Minister energii Izraela Juwal Steinitz ocenił we wtorek, że wzbogacenie wystarczającej ilości uranu, by skonstruować bombę atomową może zająć Iranowi sześć miesięcy. To dwa razy dłużej niż wynika z szacunków nowego szefa dyplomacji USA Antony'ego Blinkena.
Jak powiedział Steinitz w wywiadzie dla radia publicznego, Iran potrzebuje "około pół roku", by wzbogacić posiadany uran do poziomu wystarczającego do budowy bomby. Całkowite skonstruowanie broni nuklearnej to jego zdaniem kwestia 1-2 lat. Jak dodał, działania podjęte przez USA za prezydentury Donalda Trumpa "poważnie zaszkodziły projektowi jądrowemu Iranu".

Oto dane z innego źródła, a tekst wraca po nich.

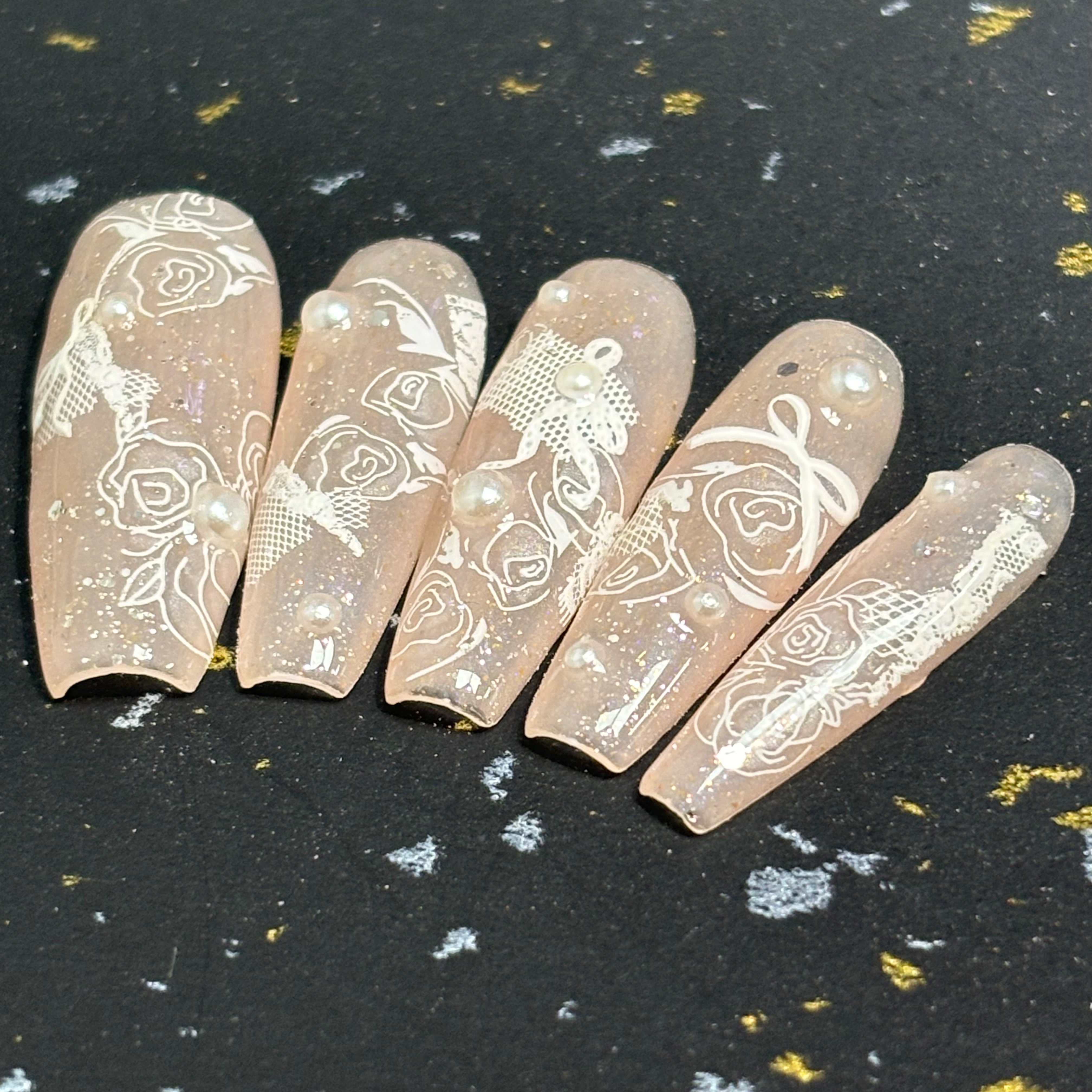 玫瑰與蕾絲的交織,復刻出中世紀宮廷的優雅;有的則是蝴蝶結與珍珠的搭配,宛若精緻的珠寶匣縮影,更添輕奢質感,讓你指尖流淌著復古優雅的氣息,成為輕奢美甲界的「優雅標桿」。 - 全人手設計穿戴甲💅 (拼貼款) ✨甲型:長梯方 ✨尺寸: S - 歡迎來圖訂製💕 (🌸圖片會有少量色差🌸)

Ocena izraelskiego ministra stoi w sprzeczności z diagnozą postawioną przez nowego sekretarza stanu USA Antony'ego Blinkena, który stwierdził, że czas potrzebny do uzyskania wysoko wzbogaconego uranu przez Iran skrócił się za kadencji Trumpa od ponad roku do 3-4 miesięcy. Według Blinkena była to konsekwencja wyjścia USA z porozumienia nuklearnego z Iranem, które nakładało ograniczenia na program atomowy tego kraju. Izrael był jednym z największych krytyków porozumienia i wspierał politykę administracji Trumpa.
Według ostatnich szacunków Międzynarodowej Agencji Energii Atomowej, od czasu wyjścia USA z umowy Iran ponad 10-krotnie zwiększył ilość posiadanego wzbogaconego uranu i ma go obecnie 2,4 tony. Teheran zwiększył też poziom wzbogacenia materiału, z 4,5 proc. do 20 proc. Do konstrukcji broni jądrowej potrzebny jest uran wzbogacony do poziomu 90 proc.